Strange Vistas

denisvilleneuve

It took Arrival to make me realize why I like Dennis Villeneuve, beyond his just putting out good stuff. His movies are smart, but unlike Christopher Nolan's work, they don't feel the need to rub your face on how clever they think they are. It's cerebral, without being boring. It's engaging. It neither expects the viewer to be a beer-can-forehead-crushing baseline nor thumbs its nose up at those who don't worship at the shrine of Iain M. Banks.

If you like science fiction movies and know that means more than fighter planes going pew-pew at aliens, watch it.

The trailer below is safe. Others I've seen give away too much of the movie's structure if you have an eye for those things.

Arrival is one of those rare layered movies. Normally that would be film-wonk-speak for “more to it than meet the eye.” Arrival does one better, and truly has several strata that you eat through and appreciate, either as a whole or independently.

You can savor the spongy cake of the human drama, with characters attempting to deal with a stressful, drawn-out situation while wrestling with their own problems.

Then there's the crunchy science-fiction base. I'm not going to go into it, to avoid spoiling the themes that will come up, other to say that it's the first time I've seen the Sapir-Whorf hypothesis show up in a mainstream movie.

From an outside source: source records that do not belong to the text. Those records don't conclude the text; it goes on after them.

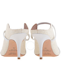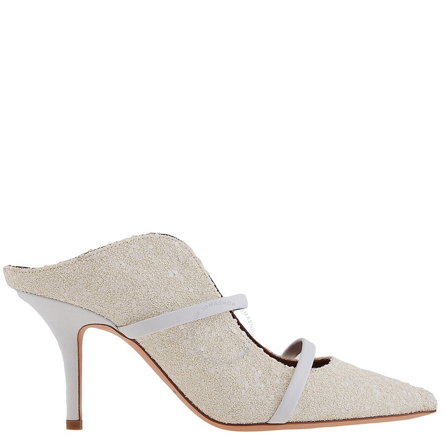 Malone Souliers Ladies Heels. SKU: MAUREEN 70-256. Color: White. Malone Souliers Maureen Ladies 70 Double Straps Leather Mules. These mules feature a pointed toe, leather straps, an open back, a covered stiletto heel and a branded leather insole and outsole. Made in Italy. Please visit the brand website for sizing information. INFORMATION Brand: Malone Souliers Model: MAUREEN 70-256 Gender: Womens DETAILS Category: Heels Shoe Style: Mules Shoe Style: Mules Color: White Shoe Vamp Style: Slip-on Upper Material: Leather Heel Size: 70mm/2.7in ADDITIONAL INFO Jomashop Sku: -MAUREEN70256 Department: Shoes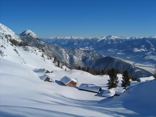 | Bei der idyllisch gelegenen Stornalm mit Bick Richtung Osten zum Stoderzinken (links) und hinunter ins Ennstal. |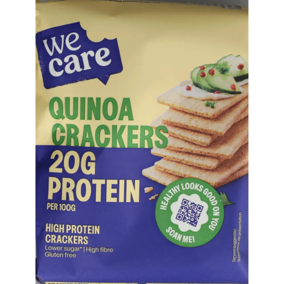 WeCare High Protein Crackers Quinoa zijn licht en luchtig van smaak, maar boordevol eiwitten, vezels en laag in calorieën. De crackers zijn zowel te combineren met hartig als met zoet beleg.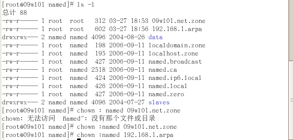 7. 將09wl01.net.zone 及192.168.1.arpa 文件變成named 組所屬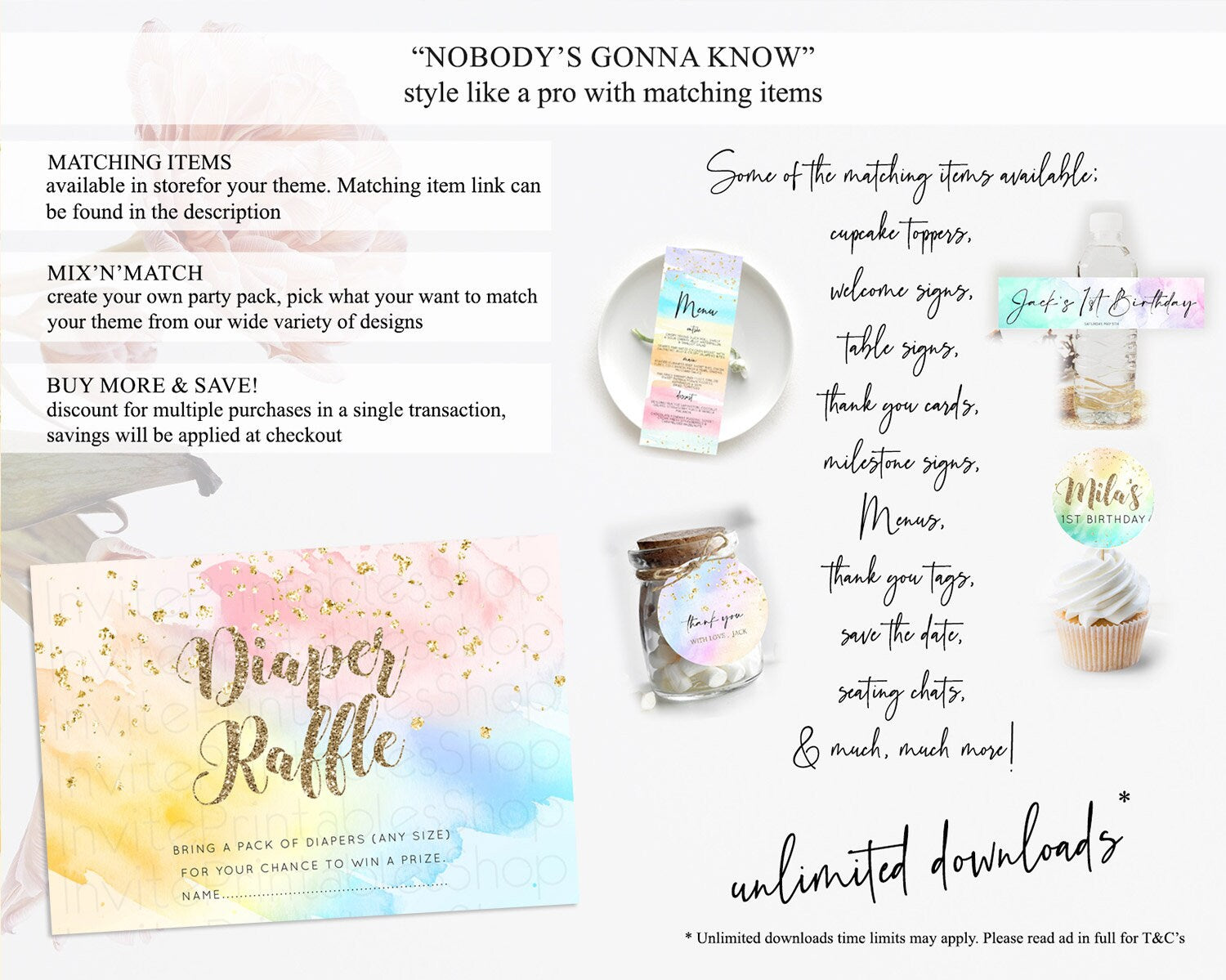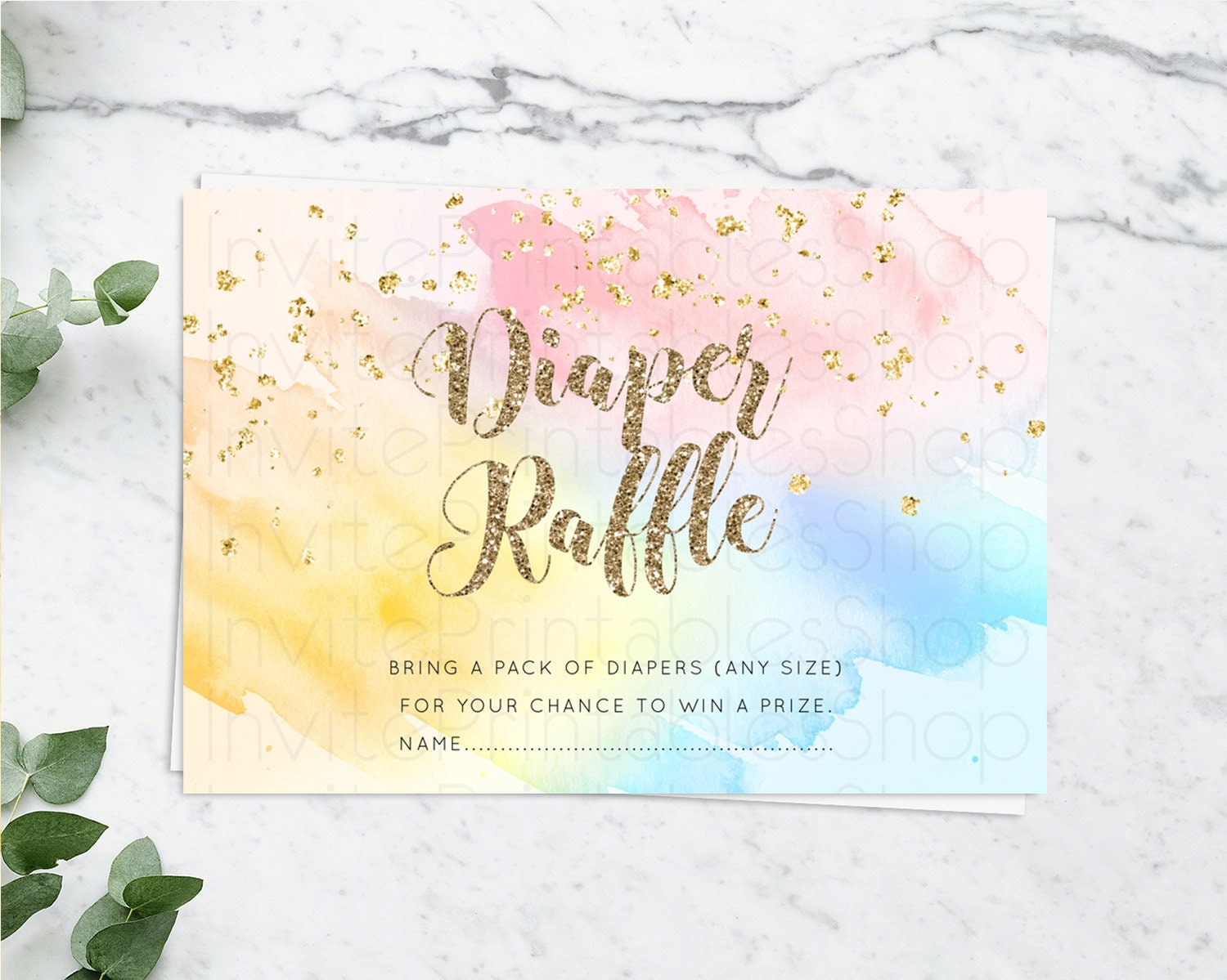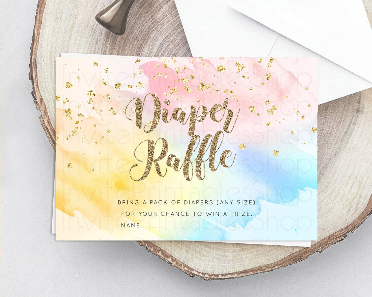 Pastel Diaper Raffle Card Pastel Rainbow Diaper Raffle Insert Colorful Ombre Watercolor Diaper Ticket Confetti Glitter Raffle Game D10556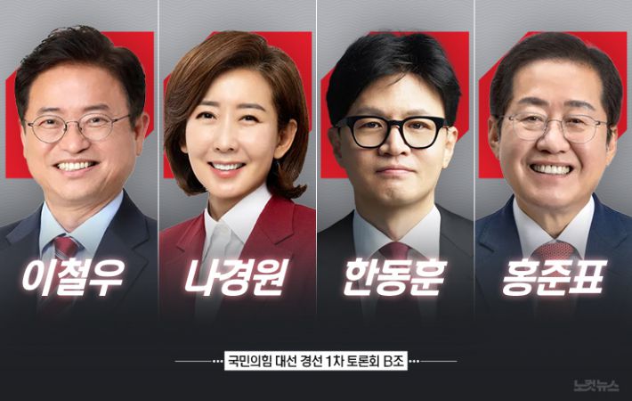 이날 B조 토론회에는 나경원·이철우·한동훈·홍준표 후보가 '사회 통합'을 주제로 맞붙는다.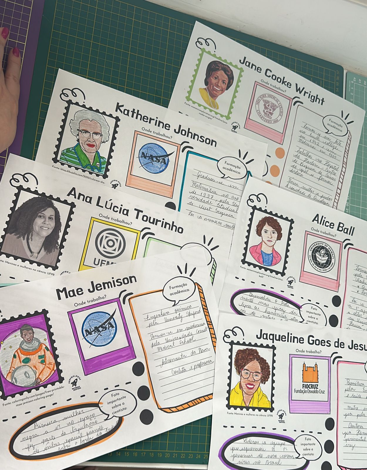 Mulheres: Ana Lúcia Tourinho, Katherine Johnson, Jaqueline Goes de Jesus, Mae Jemison, Alice Ball, Jane Cooke Wright

You can crack them open and taste the thin political coating in the middle, so slight that you might miss it, where scientists attempt to cooperate while their governments decide to puff their chests and act like gorillas playing the prisoners' dilemma.

Or you can take a spoonful of all three. Each layer empowers the others. The themes on its science-fiction foundation are not delved into too deeply on the barely-two-hours they have, but (if I can mix my metaphors) they are the bones and tendons that animate the drama's body. Without the drama providing a human face to it, all you'd be left with is an unsightly calcium structure prancing around, reading Wikipedia pages to you out loud. And without politicians being politicians, events would have no reason to unfold the way they do.

Villeneuve has turned out to be what I expected Christopher Nolan would become. That's not a dig on Nolan – I've done that enough. It's just straight-up praise for Villeneuve.